We find nothing in the language of the statutes relating to these civil actions that attempts to allocate the duties to the Attorney General as relates to actions in the Supreme Court, and to the county attorney as to those relating to the district court. We have consistently held since State ex rel. Atty. Gen. v. Huston, 27 Okla. 606, 113 P. 190, that the county attorneys might maintain appropriate proceedings against both county and state officials in matters affecting the county's interests. See, also, Dolezal v. Bostick, Co. Atty., 41 Okla. 743, 139 P. 964, and Swarts et al. v. State ex rel. Caldwell, 70 Okla. 205, 174 P. 255. These cases involved actions originally filed in district courts, but there is nothing in the language thereof to indicate that such courts were the sole forum of a county attorney. No such indication is contained in the language of the statutes, and we cannot adopt such contention. To do so would mean that a Governor, deliberately oblivious to the constitutional or statutory requirements of qualifications of state officers, could fill state offices in gross disregard thereof, and, by withholding his directions to the Attorney General to take action against them, maintain in such offices persons wholly disqualified therefor within the contemplation of the Constitution or statutes.

Under the undenied petition, respondent has not practiced law for a period of four years prior to his appointment to said office, and therefore lacks the requisite constitutional qualifications to hold said office; and the Governor of Oklahoma was and is without power or authority, either by executive order or ordinary appointment, to appoint him to said office; and the said John Steele Batson has no right or title to said office by reason of said appointment. We hold that respondent has no legal right to hold the position of district judge when it appears that he is not qualified *105 under article 7, sec. 9, of the Constitution, since the record discloses that respondent has only been admitted to practice law approximately two and one-half years instead of the four years required under said section of the Constitution.

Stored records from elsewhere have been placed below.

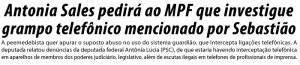 Ray Melo, da redação de ac24horas raymelo@ac24horas.com A deputada Antonia Sales (PMDB) pedirá ao Ministério Público Federal (MPF), que investigue o grampo telefônico mencionado pelo
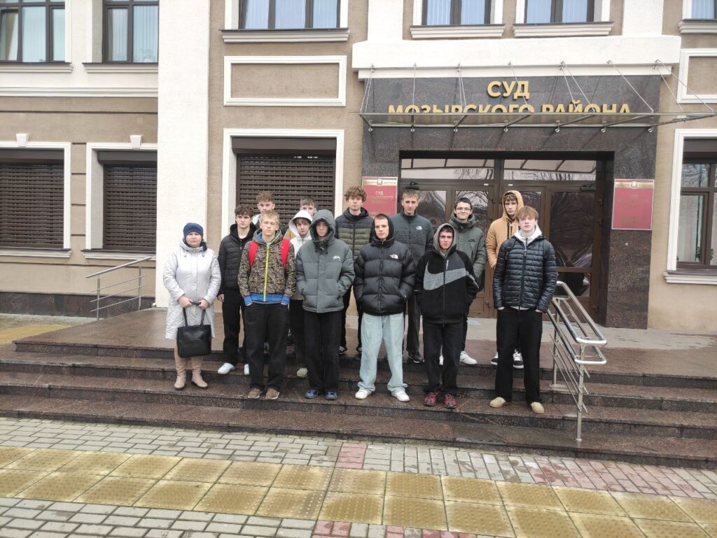 25 ноября 2025 года обучающиеся колледжа посетили заседание суда Мозырского района, на котором рассматривалось уголовное дело, предусмотренное частями 1 и 4 статьи 328 Уголовного Кодекса Республики Беларусь.
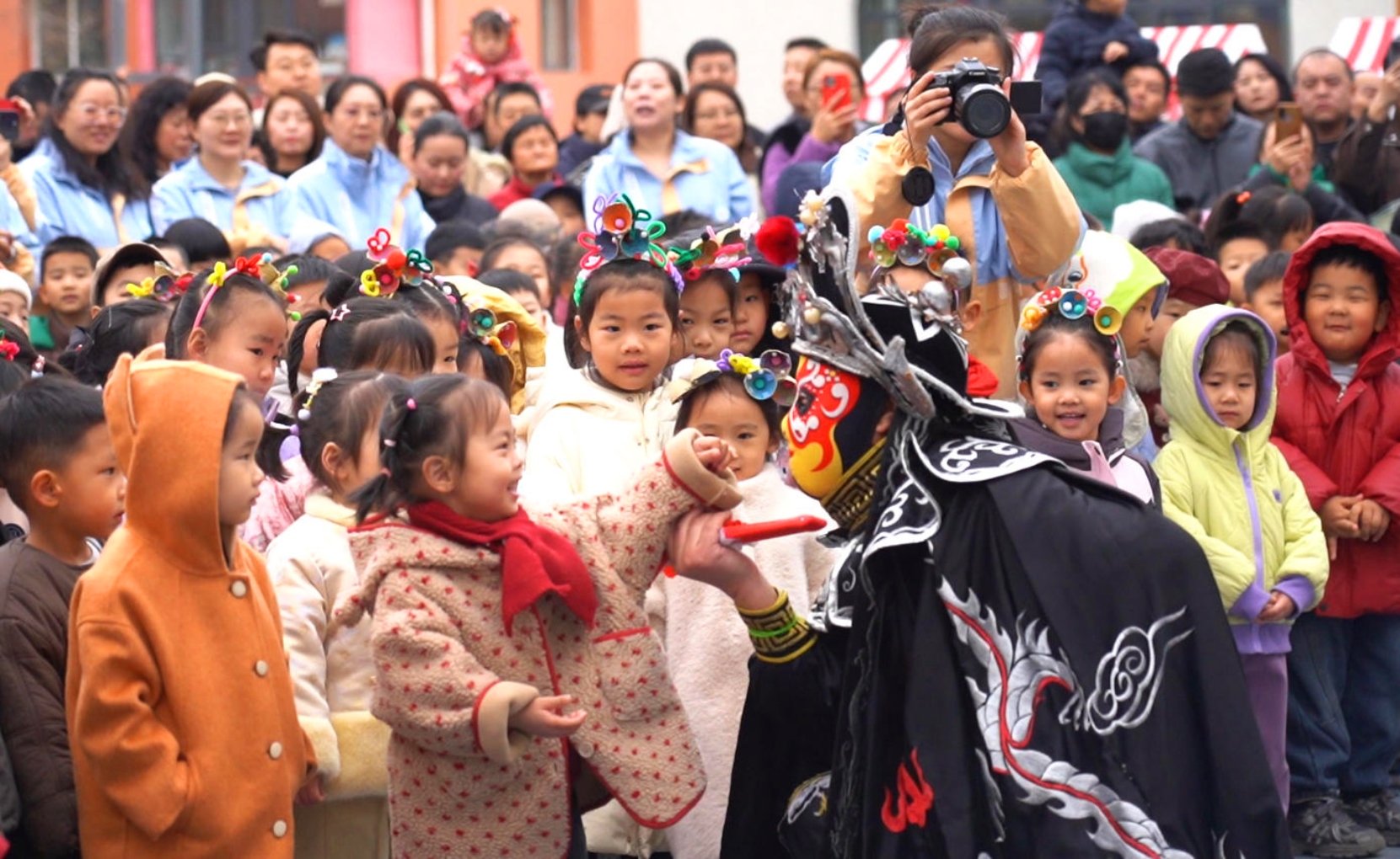 非遗展演区精彩纷呈,构建了沉浸式、互动式的文化教育场景。在展演区,舞龙、特色秧歌队伍欢腾跳跃,点燃现场氛围;传统戏曲、变脸、呼麦马头琴、非遗民歌等表演轮番上演,赢得现场阵阵掌声让孩子们近距离感受中华民族传统艺术的魅力。
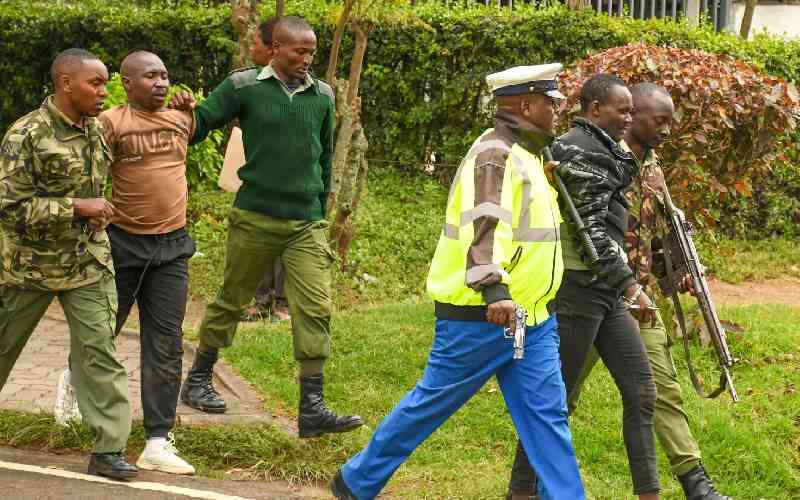 Prison warders escort remandees back to the Nakuru Law Courts after they attempted to escape, on October 23, 2025. [Kipsang Joseph, Standard]
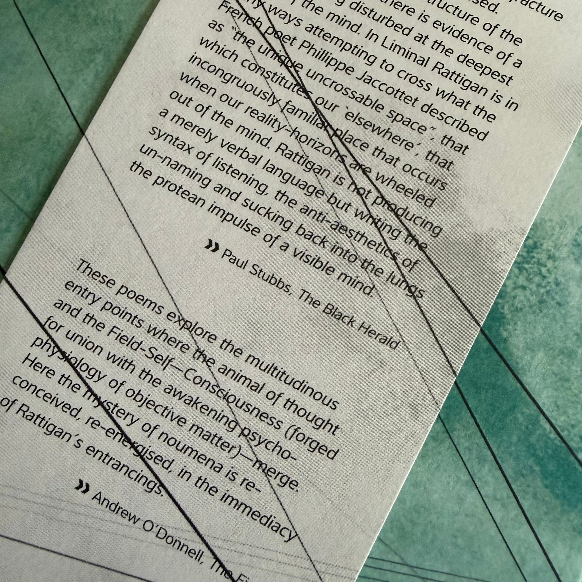 ¶ Michael Lee Rattigan is seeking to pinpoint that ‘other’ voice, for everything that he writes it seems exists only to advance silence, or at least our unmediated access to it—while consciousness is no more than a fine vessel of flesh and blood stretched over the diaphanous musculature of each word; for this poet does not produce a merely verbal language, no, rather he is writing the syntax of listening, the anti-aesthetics of un-naming and sucking back into the lungs the protean impulse of a visible mind. — Paul Stubbs, The Black Herald
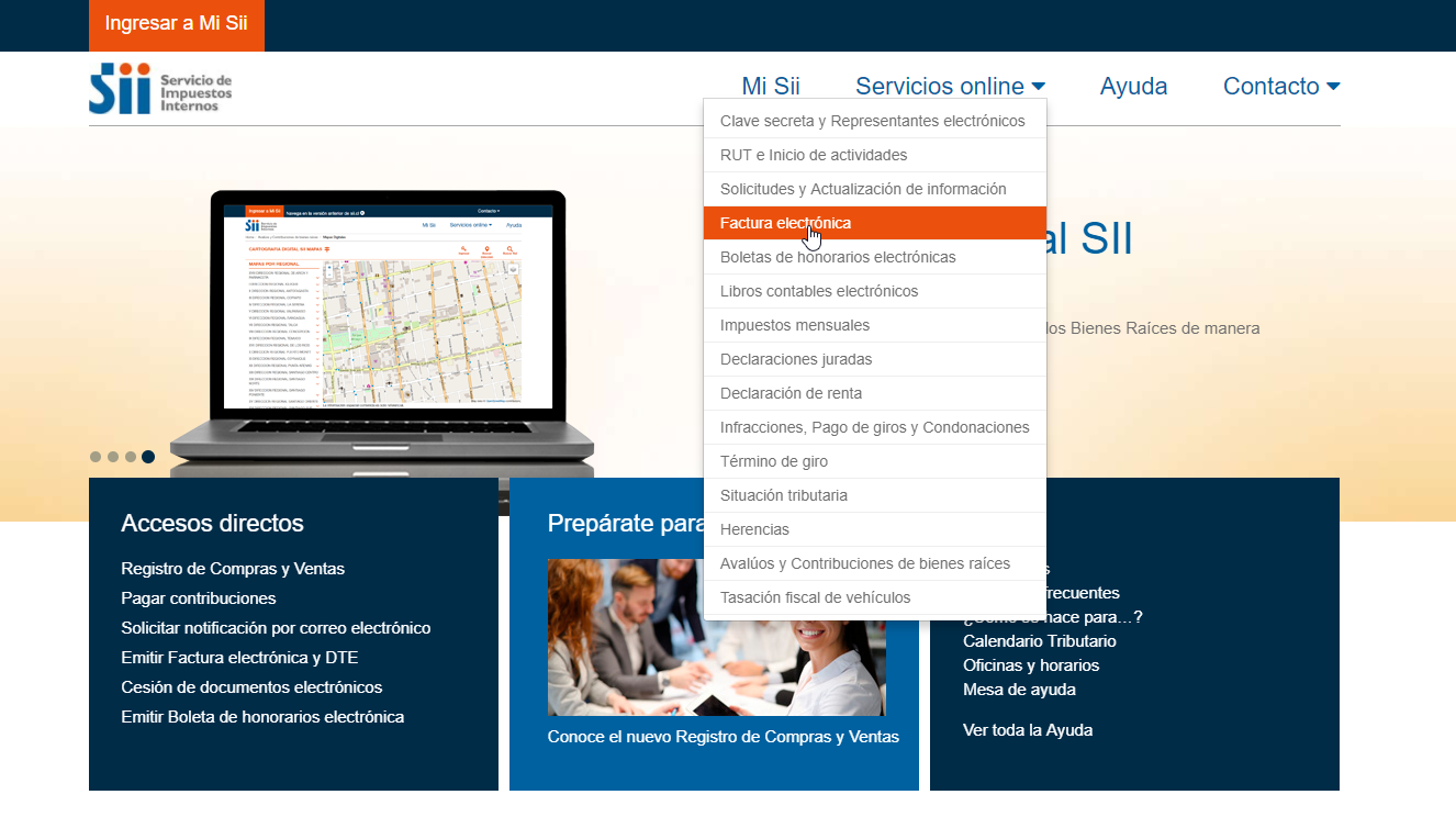 Ingresar al sitio web del SII, opción Factura Electrónica
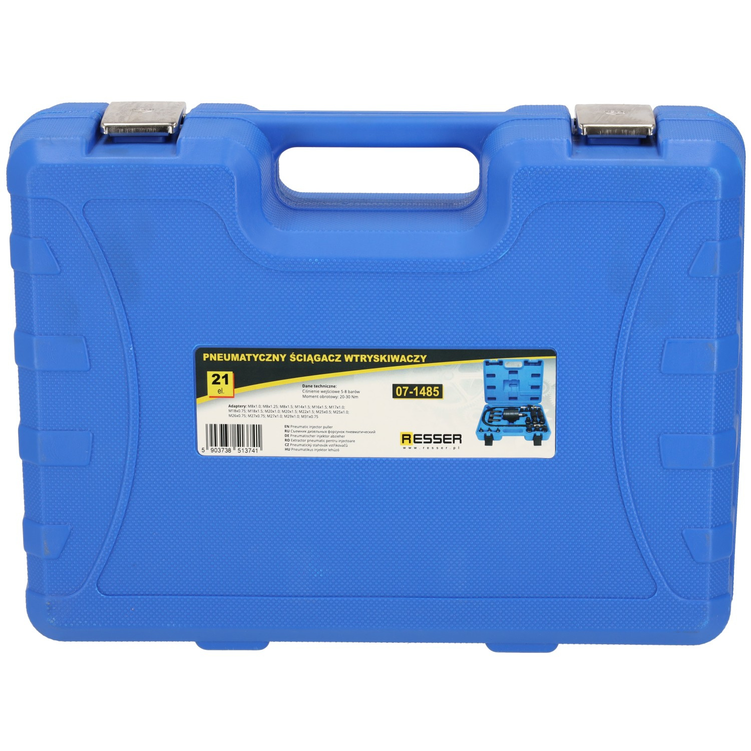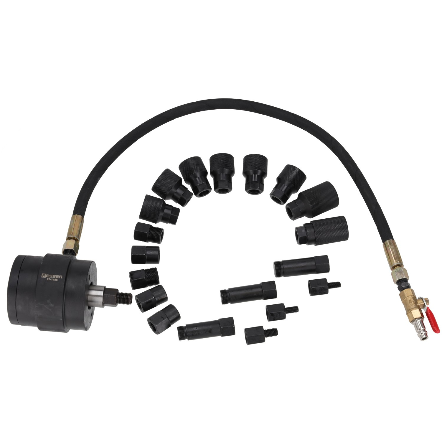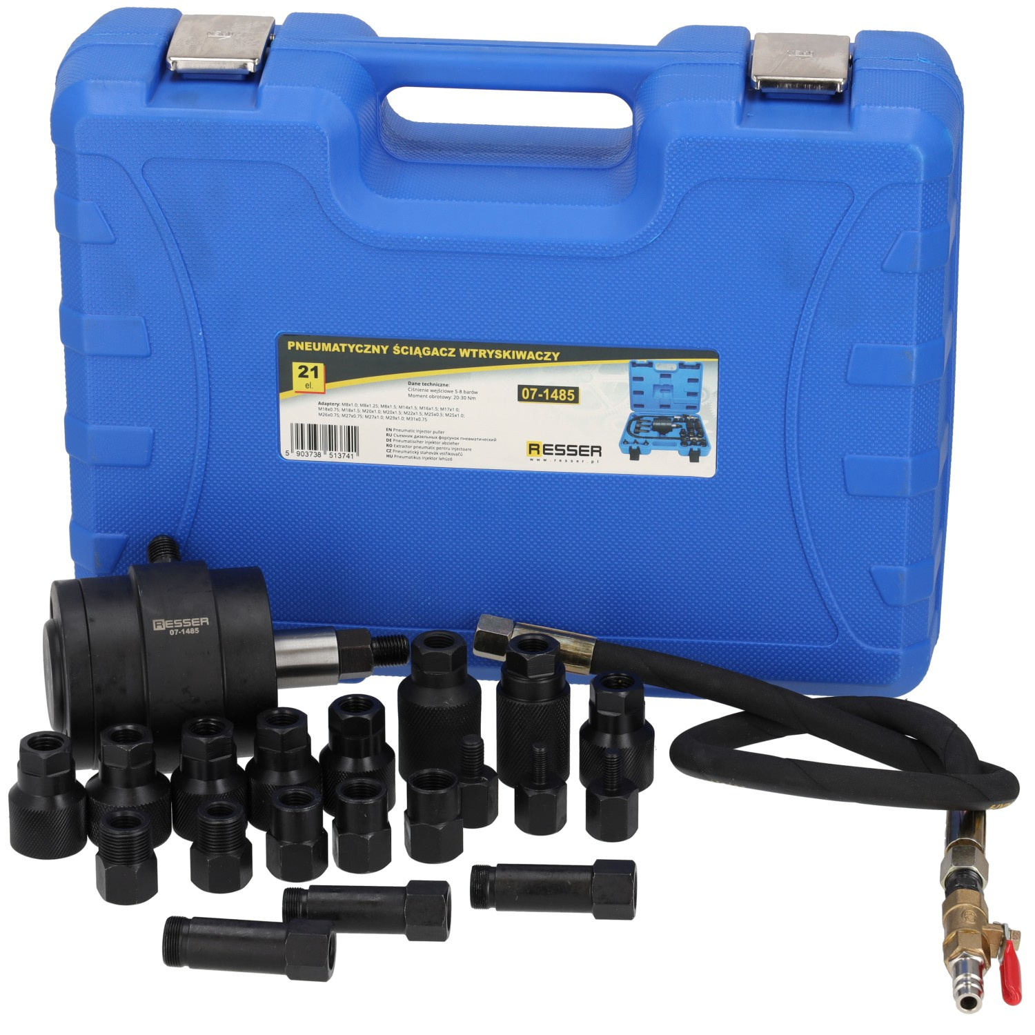 Pneumatic injector puller with adapters, 21-piece set, Resser

It is the judgment of this court that the respondent, John Steele Batson, is adjudged hereby to have no legal right to hold or occupy the position of district judge of the Eighth judicial district of the state of Oklahoma, or perform the duties thereof, and he is hereby directed and ordered to desist from exercising or attempting to exercise jurisdiction as said judge.

RILEY, C.J., CULLISON, V. C.J., and SWINDALL, ANDREWS, McNEILL, OSBORN, and WELCH, JJ., concur. BUSBY, J., absent.